## WORK INSTRUCTIONS
What is needed is an exact copy of the lines from the start of the records below through the line with "- Interchangeable frosted", without the pictures.

Stored items from a collection:

------------------------------------------------------------

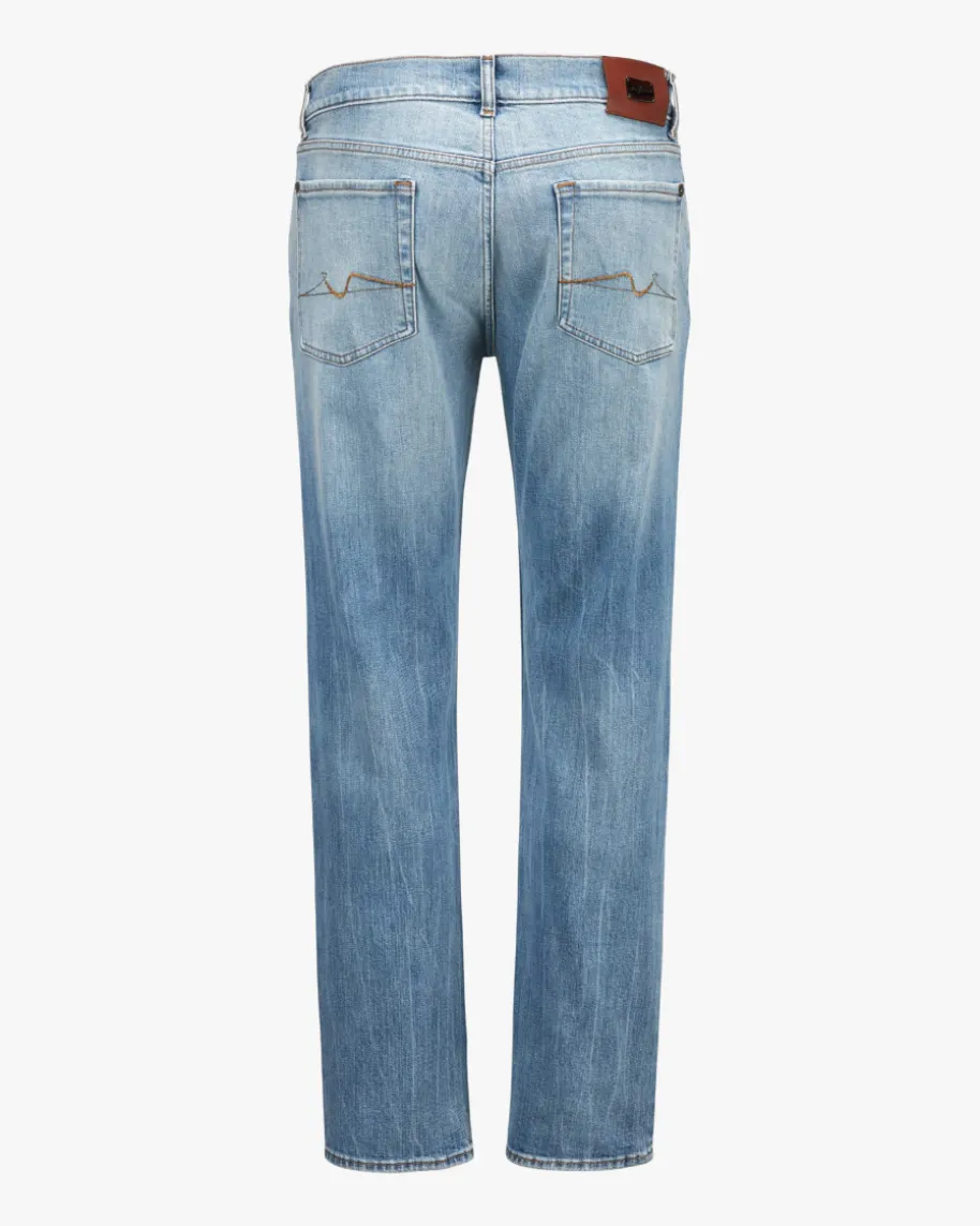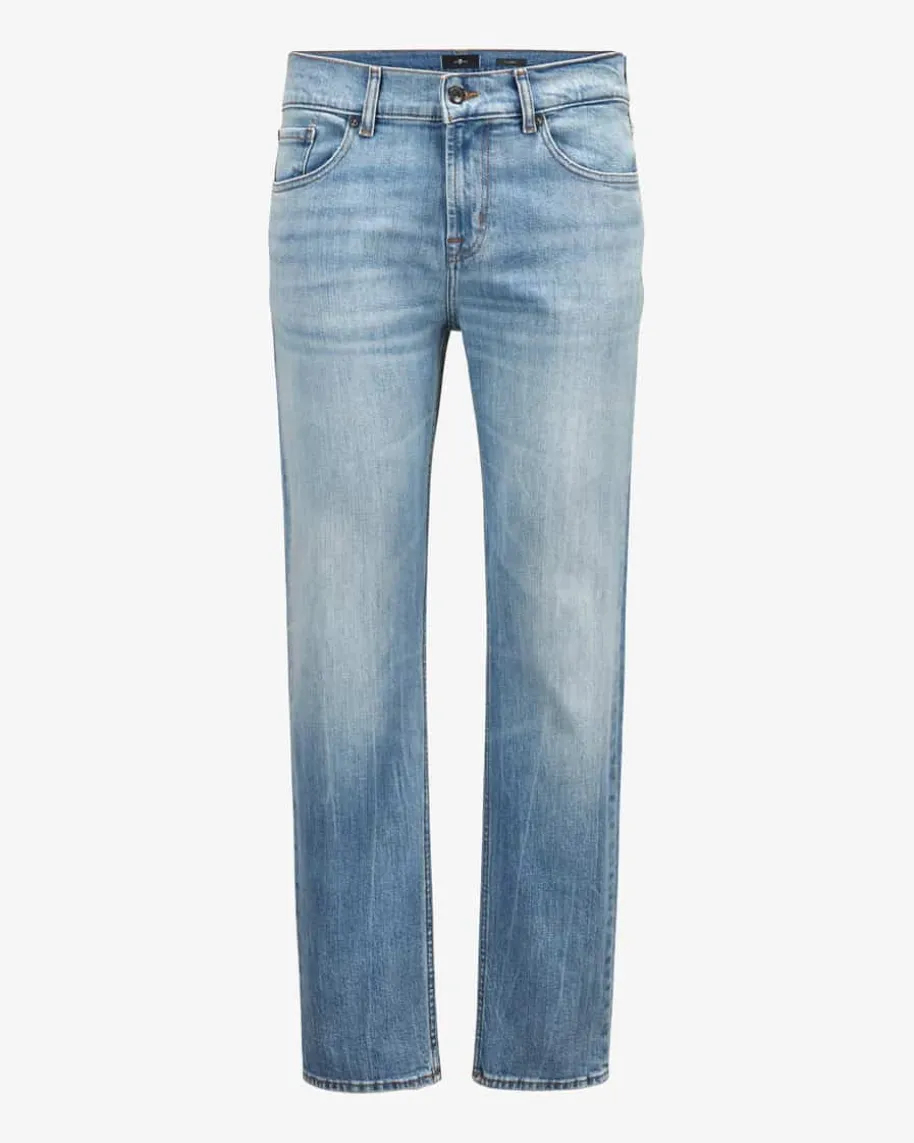 Slimmy Jeans für Herren von 7 For All Mankind in Hellblau. Das Modellpräsentiert sich mit klassischem Slim Fit sowie zeitlosen Details und überzeugtdank angenehm elastischem Baumwoll-Mix in gleichmäßiger Waschung als perfekteJeans für Casual Looks.
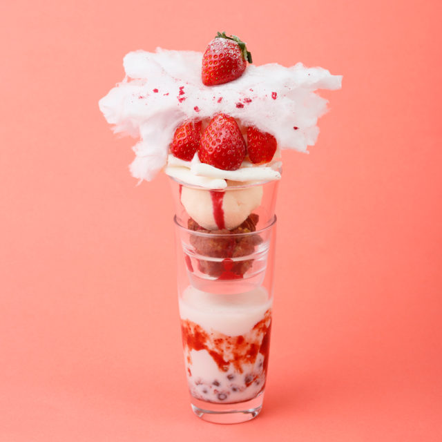 タピオカ苺ミルクドリンクと旬の苺をたっぷりと使って、コットンキャンディーで見た目も華やかなストロベリーパフェ。1品で苺を堪能できる特別デザートのWパフェとなっています。
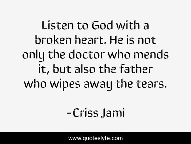 This page presents the quote "Listen to God with a broken heart. He is not only the doctor who mends it, but also the father who wipes away the tears.". Author of this quote is Criss Jami. This quote is about heart, pain, recovery, doctor, god, crying, father, hurt, heavenly-father,.
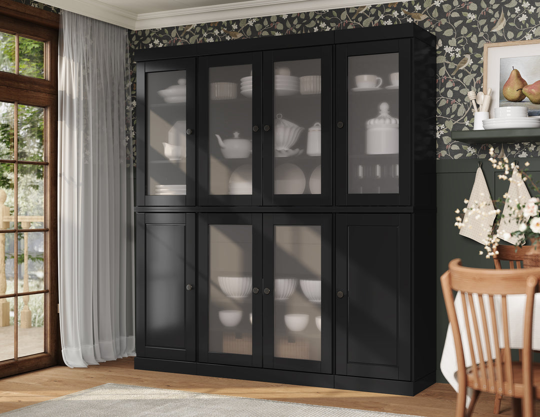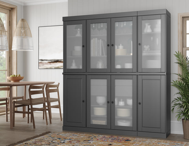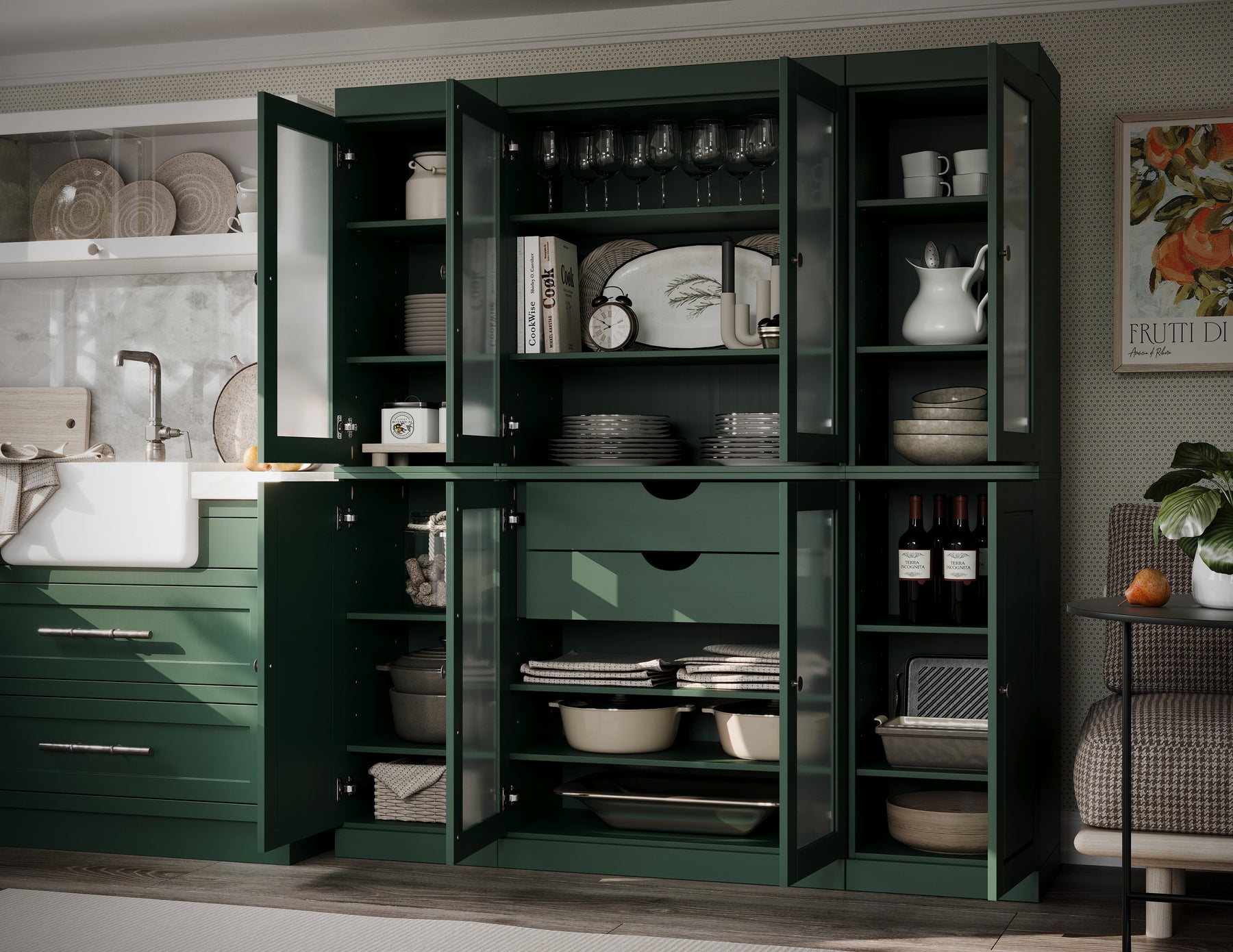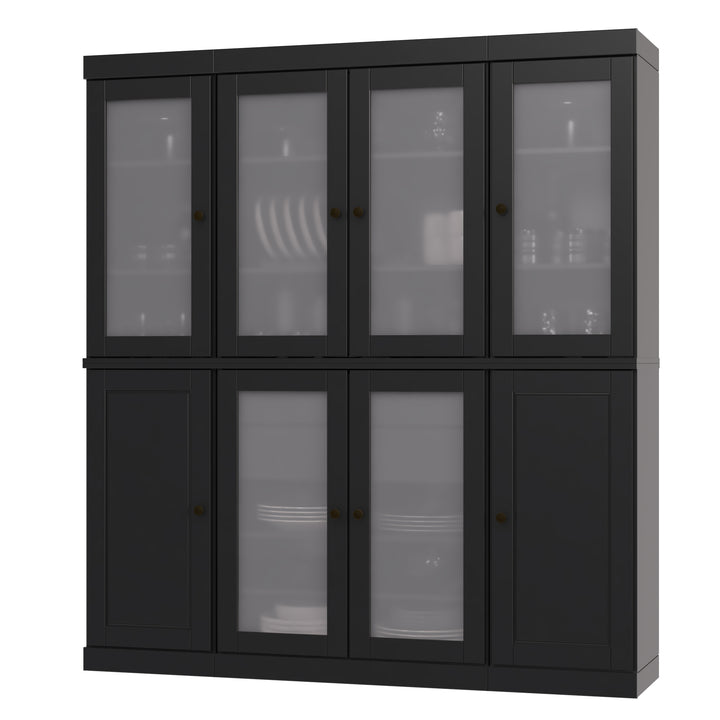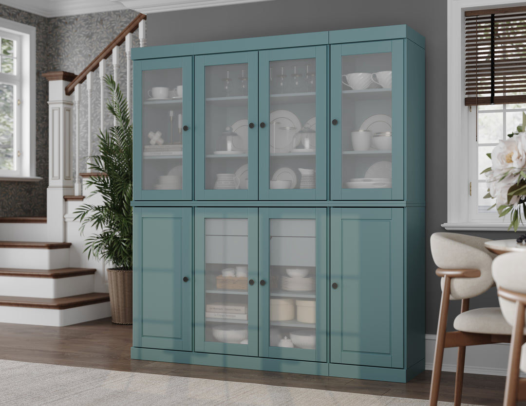 - Interchangeable frosted glass and raised panel doors on self-closing hinges
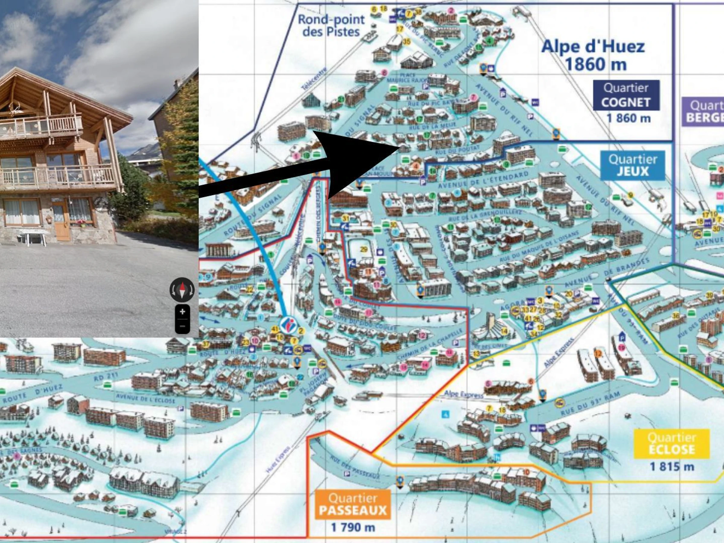 Le chalet IMAYA se situe dans le quartier prisé des Jeux, en pleins centre de la station de l'Alpe d'Huez. L'Avenue des Jeux se trouve à seulement 50m avec tous ses commerces, restaurants et loisirs que proposent la station.
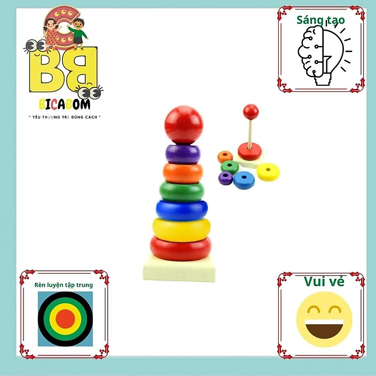 Bộ Đồ Chơi Tháp Xếp Cầu Vòng 7 Màu Bằng Gỗ Mini Cho Bé
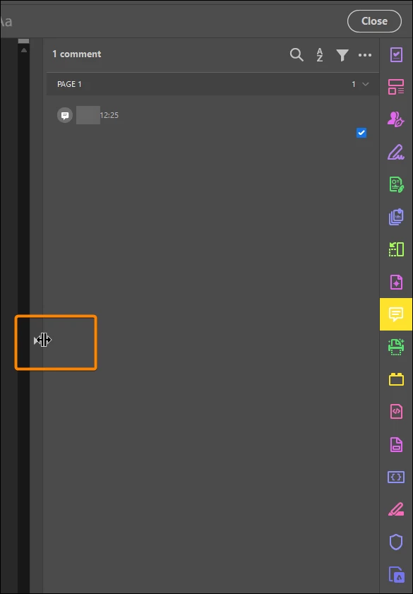How do I enlarge the too (right hand) pane in adobe acrobat DC?
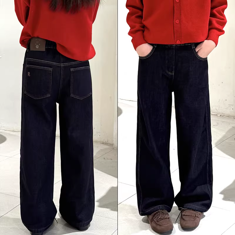 - Quần jean lót lông cừu cho bé gái, quần thường ngày, quần ống thẳng, quần áo trẻ em cỡ vừa và lớn, mùa thu đông, ống rộng, rộng rãi, dày dặn, đa năng, ấm áp và hợp thời trang.
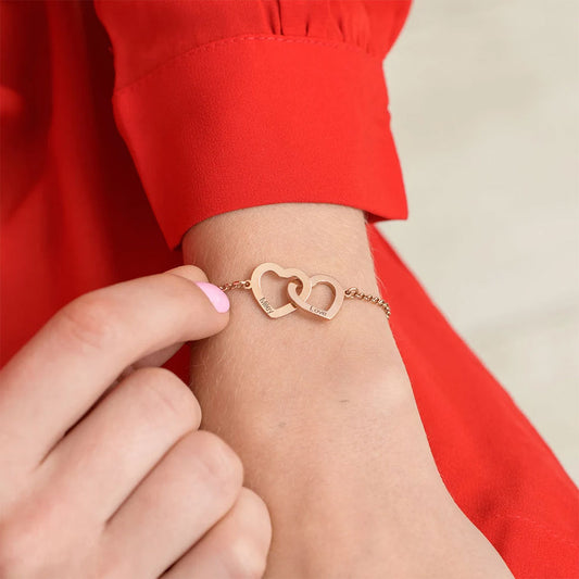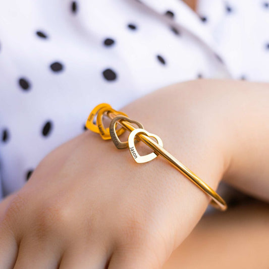 Bangle Bracelet with Heart Pendants in Rose Gold
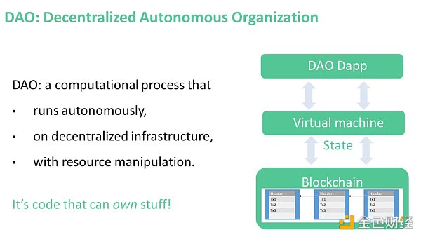 DAO 是一种能够拥有财产的自治代码,类似于一种“电脑病”,但是是有益的。比特币是 DAO,以太坊也是 DAO。在以太坊上运行的越来越多的自治应用程序也是 DAO。
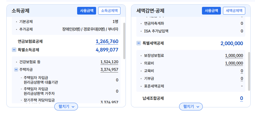 ✅ 공제 항목별 세액공제 시뮬레이션
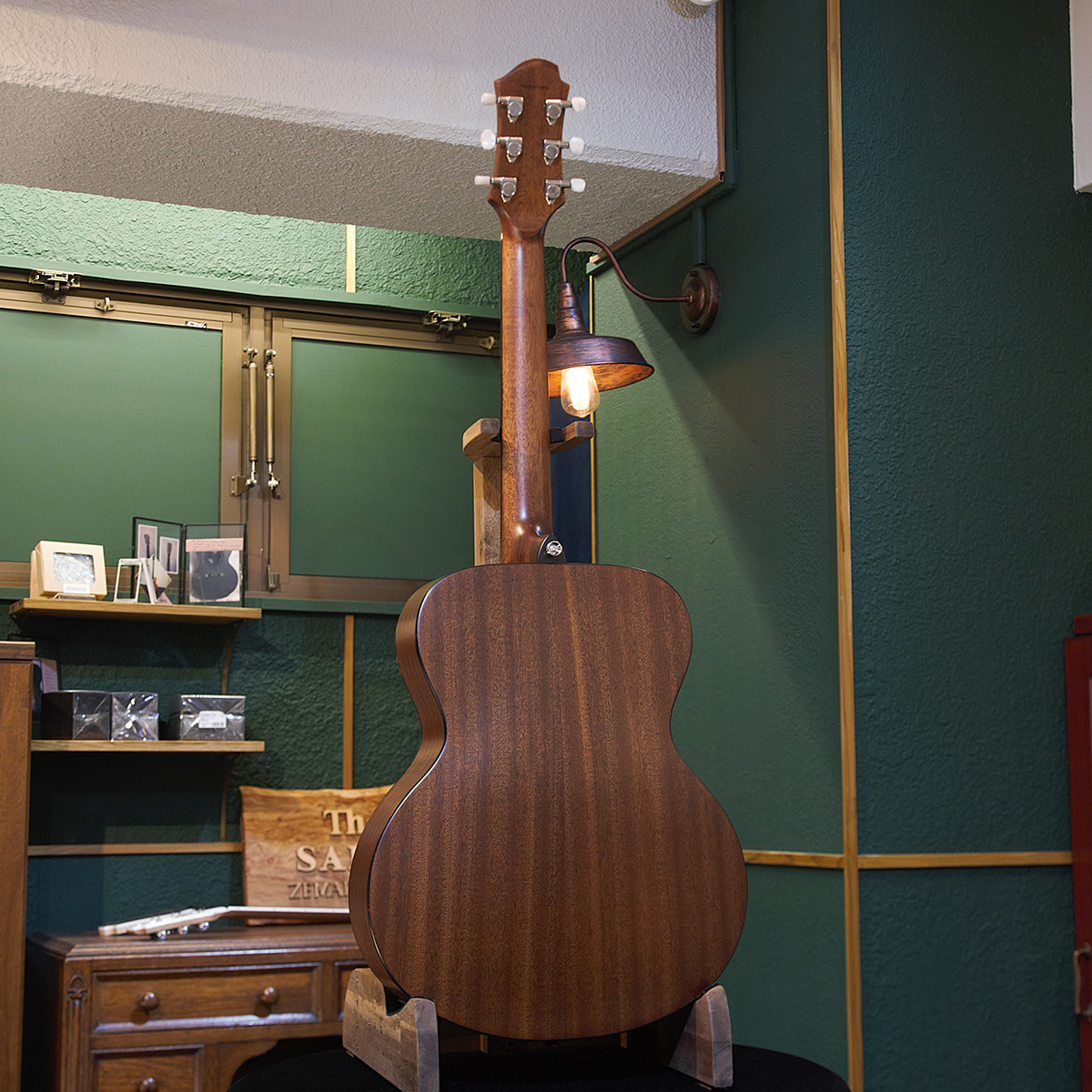ボディー・トップは板材の時に真空状態で熱を加えることで余分な水分やミ ネラルを取り除いたソリッド・スプルースを使用し、サイドとバックにはサペリを用いて狂いの出にくい安定した ボディー剛性を実現しました。
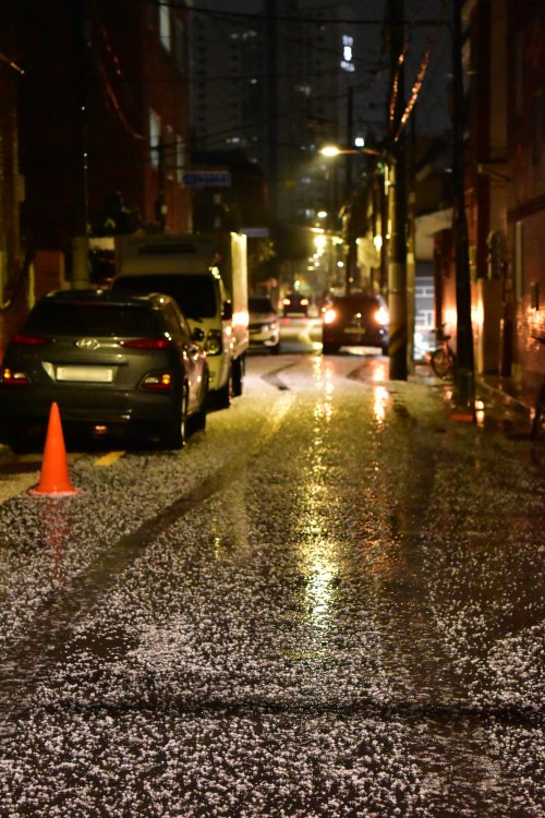 2023년 12월 6일, 밤이 깊어가는 저녁 9시경 천둥이 치더니 이내 우박이 쏟아졌다. 처음엔 광안리 해수욕장에서 행사가 있어 폭죽을 터뜨리는가 싶었는데 소리가 달랐다. 잠시 후 엄청난 우박이 10여 분 쏟아져 내렸다.
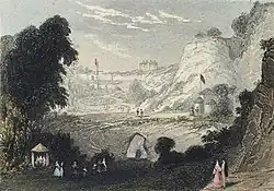 The gardens were built on a chalk pit owned by Jeremiah Rosher who, from 1830, started building a new town, Rosherville, taking advantage of Gravesend's popularity with Londoners visiting for the day by steamboat along the Thames. They became a favourite destination for thousands of Londoners during good weather, many travelling by paddle steamer down the River Thames to disembark at the pier built to service the gardens.

------------------------------------------------------------

## RESPONSE BOX
 Slimmy Jeans für Herren von 7 For All Mankind in Hellblau. Das Modellpräsentiert sich mit klassischem Slim Fit sowie zeitlosen Details und überzeugtdank angenehm elastischem Baumwoll-Mix in gleichmäßiger Waschung als perfekteJeans für Casual Looks.
 タピオカ苺ミルクドリンクと旬の苺をたっぷりと使って、コットンキャンディーで見た目も華やかなストロベリーパフェ。1品で苺を堪能できる特別デザートのWパフェとなっています。
 This page presents the quote "Listen to God with a broken heart. He is not only the doctor who mends it, but also the father who wipes away the tears.". Author of this quote is Criss Jami. This quote is about heart, pain, recovery, doctor, god, crying, father, hurt, heavenly-father,.
 - Interchangeable frosted glass and raised panel doors on self-closing hinges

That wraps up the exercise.